**WHAT YOU HAVE TO DO**
Report the count of lines below that include "기준으로", without any other text.

**PROVIDED DATA**
==========

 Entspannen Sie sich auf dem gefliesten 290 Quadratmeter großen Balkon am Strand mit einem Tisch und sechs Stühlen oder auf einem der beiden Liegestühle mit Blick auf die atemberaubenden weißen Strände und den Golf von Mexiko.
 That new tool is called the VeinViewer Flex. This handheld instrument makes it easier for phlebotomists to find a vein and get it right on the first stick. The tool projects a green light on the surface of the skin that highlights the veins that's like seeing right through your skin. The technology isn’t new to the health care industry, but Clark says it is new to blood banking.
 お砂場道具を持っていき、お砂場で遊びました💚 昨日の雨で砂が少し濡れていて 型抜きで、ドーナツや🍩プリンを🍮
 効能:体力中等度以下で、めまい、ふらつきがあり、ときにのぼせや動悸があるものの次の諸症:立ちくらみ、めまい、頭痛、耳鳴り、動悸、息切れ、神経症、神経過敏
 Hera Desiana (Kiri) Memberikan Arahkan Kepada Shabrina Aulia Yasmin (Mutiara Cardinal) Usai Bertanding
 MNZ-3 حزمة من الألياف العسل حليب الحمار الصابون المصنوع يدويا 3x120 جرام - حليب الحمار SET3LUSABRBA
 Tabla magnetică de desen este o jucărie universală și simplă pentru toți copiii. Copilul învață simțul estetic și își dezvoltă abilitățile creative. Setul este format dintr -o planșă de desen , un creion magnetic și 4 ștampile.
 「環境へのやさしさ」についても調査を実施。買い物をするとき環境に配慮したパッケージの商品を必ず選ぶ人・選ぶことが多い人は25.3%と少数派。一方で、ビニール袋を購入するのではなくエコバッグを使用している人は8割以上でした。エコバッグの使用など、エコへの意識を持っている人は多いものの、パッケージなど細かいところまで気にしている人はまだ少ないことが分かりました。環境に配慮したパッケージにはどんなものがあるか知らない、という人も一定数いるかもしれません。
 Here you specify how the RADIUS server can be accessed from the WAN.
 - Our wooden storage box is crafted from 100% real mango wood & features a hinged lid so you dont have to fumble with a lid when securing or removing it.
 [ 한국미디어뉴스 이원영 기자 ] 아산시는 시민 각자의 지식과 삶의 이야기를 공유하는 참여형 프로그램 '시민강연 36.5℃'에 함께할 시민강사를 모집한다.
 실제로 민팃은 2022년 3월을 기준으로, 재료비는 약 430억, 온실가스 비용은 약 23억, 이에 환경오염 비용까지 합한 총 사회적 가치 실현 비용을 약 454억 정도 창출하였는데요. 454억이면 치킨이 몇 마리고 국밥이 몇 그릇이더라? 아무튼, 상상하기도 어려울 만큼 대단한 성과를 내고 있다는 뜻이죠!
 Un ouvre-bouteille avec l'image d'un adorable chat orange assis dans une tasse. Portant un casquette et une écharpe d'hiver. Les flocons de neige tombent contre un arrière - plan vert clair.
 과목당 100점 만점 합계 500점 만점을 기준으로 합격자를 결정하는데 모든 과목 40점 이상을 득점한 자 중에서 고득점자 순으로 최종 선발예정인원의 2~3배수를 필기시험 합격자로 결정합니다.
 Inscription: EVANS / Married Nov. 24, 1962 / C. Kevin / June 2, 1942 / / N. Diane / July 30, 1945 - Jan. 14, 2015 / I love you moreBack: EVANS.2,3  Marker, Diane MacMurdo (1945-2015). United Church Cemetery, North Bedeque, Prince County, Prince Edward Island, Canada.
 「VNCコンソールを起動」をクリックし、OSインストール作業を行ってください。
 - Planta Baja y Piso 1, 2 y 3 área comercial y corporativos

==========

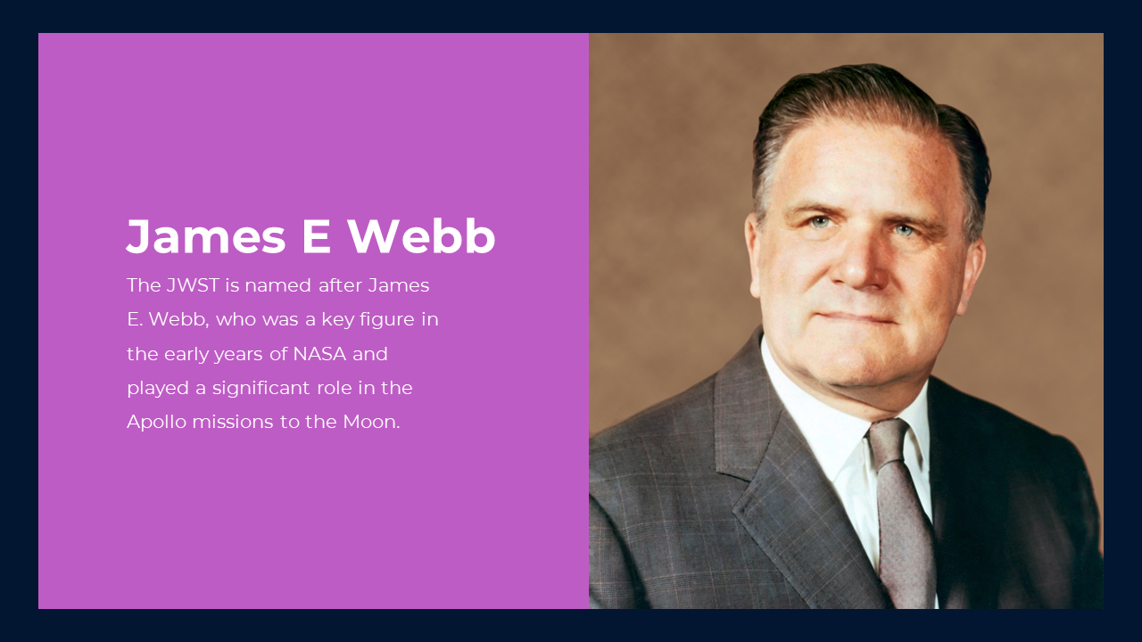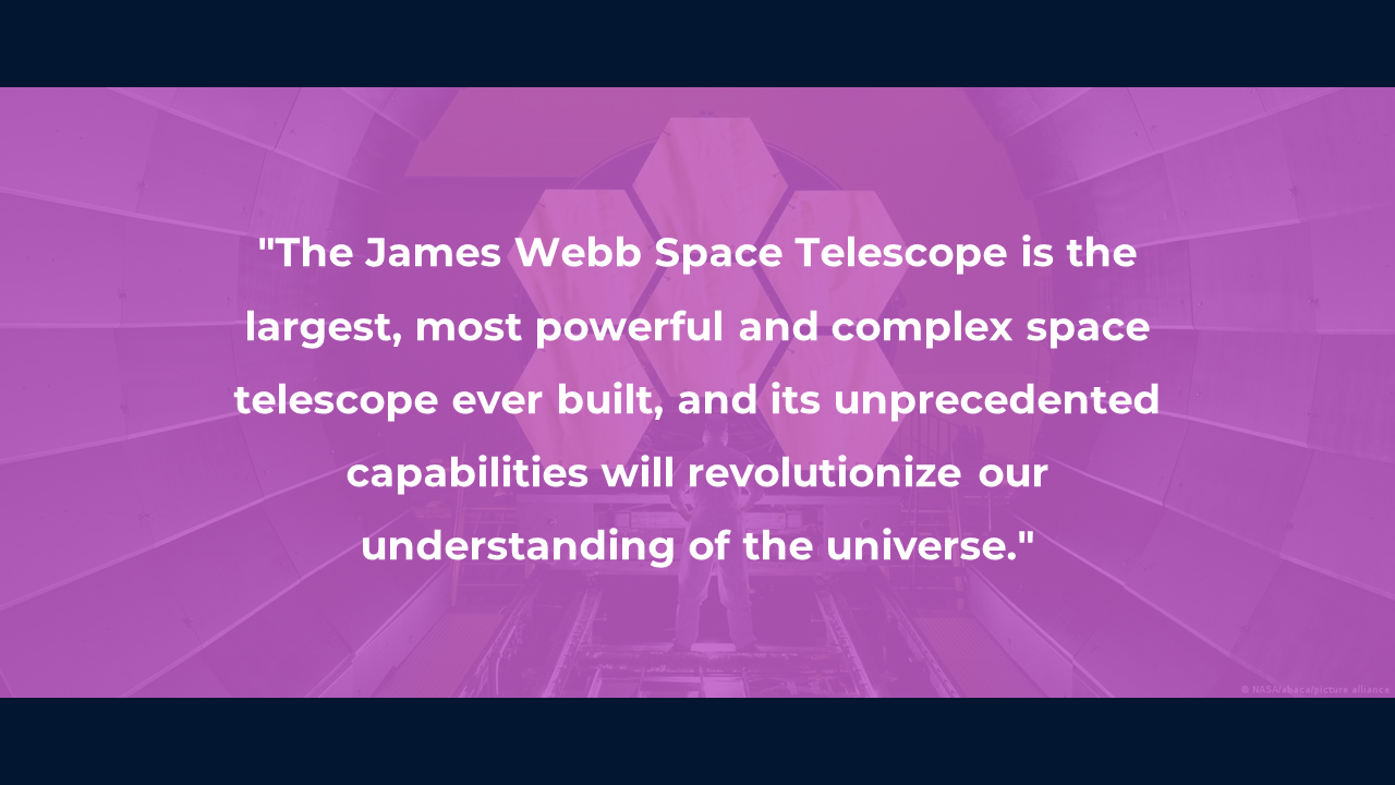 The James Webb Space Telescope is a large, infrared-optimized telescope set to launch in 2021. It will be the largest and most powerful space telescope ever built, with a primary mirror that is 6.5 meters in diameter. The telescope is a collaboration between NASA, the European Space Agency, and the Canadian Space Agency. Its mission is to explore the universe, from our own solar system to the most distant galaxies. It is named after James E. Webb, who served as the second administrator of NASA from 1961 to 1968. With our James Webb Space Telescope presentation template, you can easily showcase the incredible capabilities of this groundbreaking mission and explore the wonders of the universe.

==========

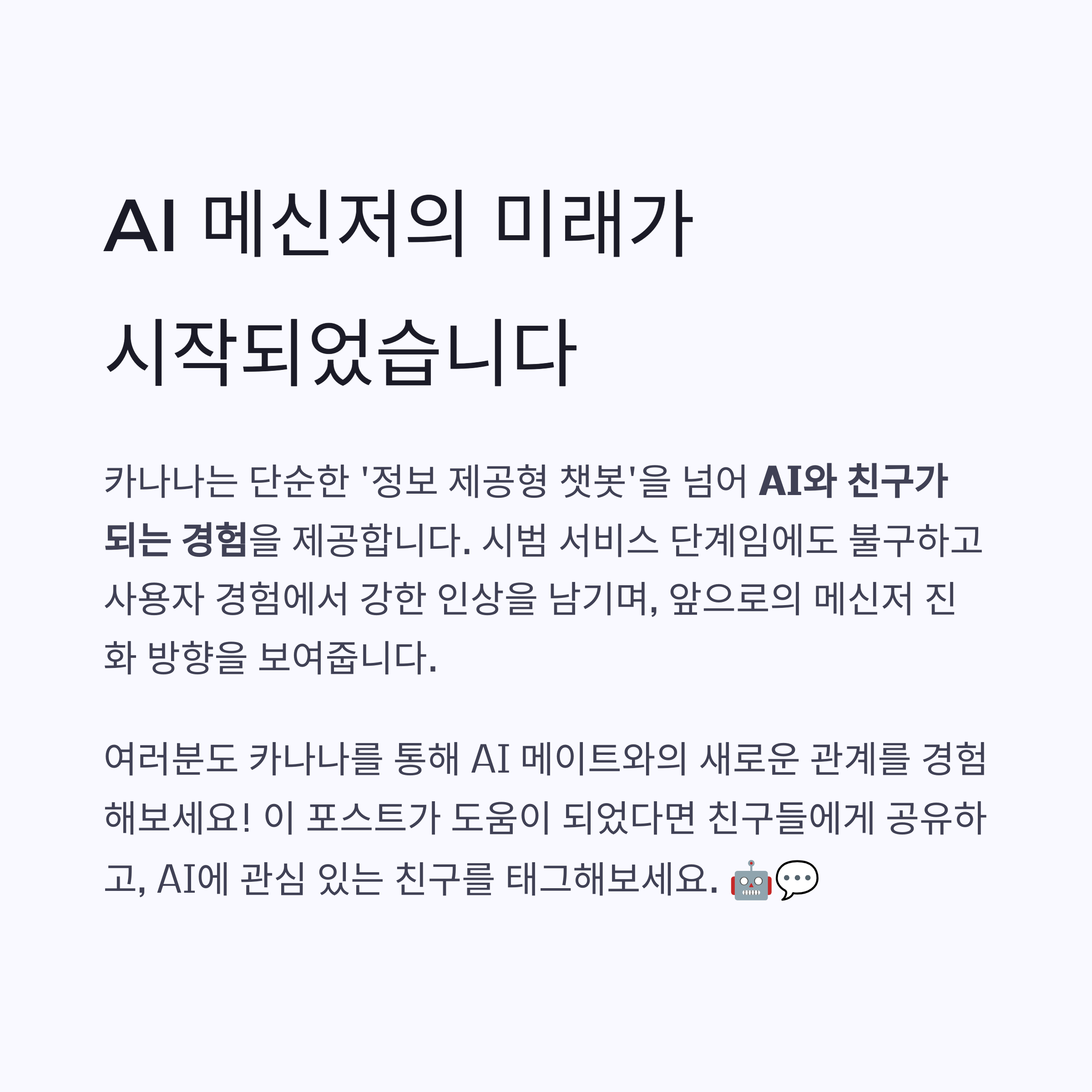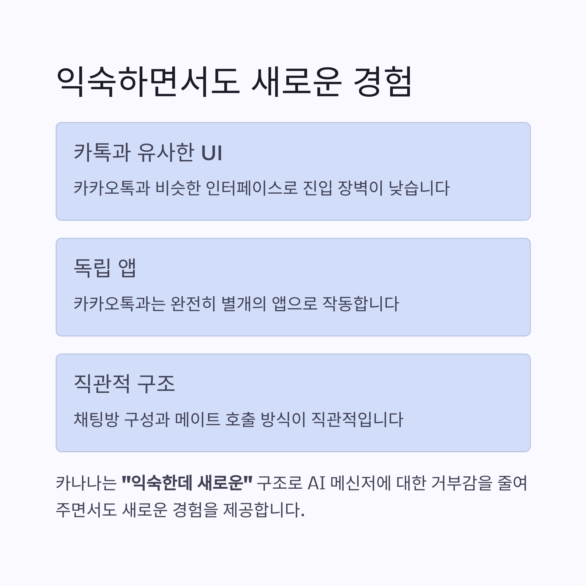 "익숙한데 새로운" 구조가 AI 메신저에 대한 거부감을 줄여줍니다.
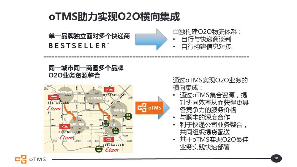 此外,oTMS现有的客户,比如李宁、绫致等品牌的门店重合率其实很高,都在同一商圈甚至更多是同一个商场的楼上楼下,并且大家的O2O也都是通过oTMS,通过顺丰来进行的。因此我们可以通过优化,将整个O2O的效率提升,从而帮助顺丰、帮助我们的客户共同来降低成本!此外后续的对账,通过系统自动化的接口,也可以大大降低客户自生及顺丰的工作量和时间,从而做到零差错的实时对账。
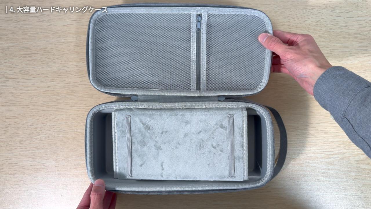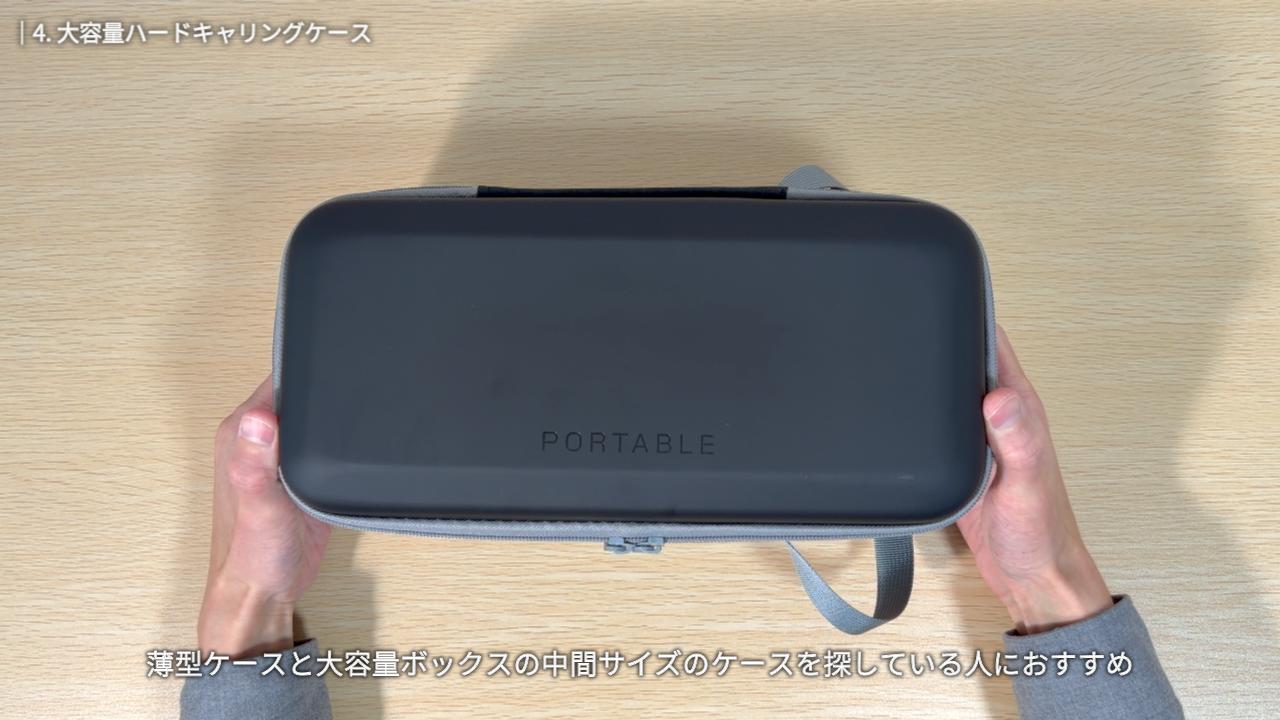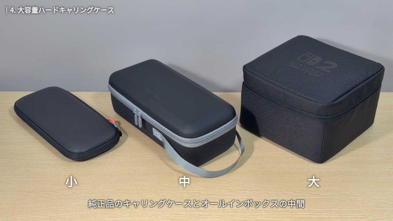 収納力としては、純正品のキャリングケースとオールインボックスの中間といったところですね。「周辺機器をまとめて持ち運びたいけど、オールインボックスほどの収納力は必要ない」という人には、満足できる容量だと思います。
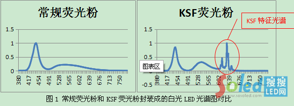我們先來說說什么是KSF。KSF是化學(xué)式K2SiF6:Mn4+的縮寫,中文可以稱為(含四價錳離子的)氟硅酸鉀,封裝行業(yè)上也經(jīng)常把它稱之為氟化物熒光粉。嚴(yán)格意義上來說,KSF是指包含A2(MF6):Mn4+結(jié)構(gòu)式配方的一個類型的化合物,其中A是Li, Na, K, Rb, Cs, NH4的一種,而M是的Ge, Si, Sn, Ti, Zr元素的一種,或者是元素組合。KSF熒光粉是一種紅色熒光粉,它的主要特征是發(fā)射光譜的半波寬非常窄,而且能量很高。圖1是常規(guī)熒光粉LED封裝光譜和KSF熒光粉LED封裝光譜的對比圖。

==========

**TASK RESPONSE**
2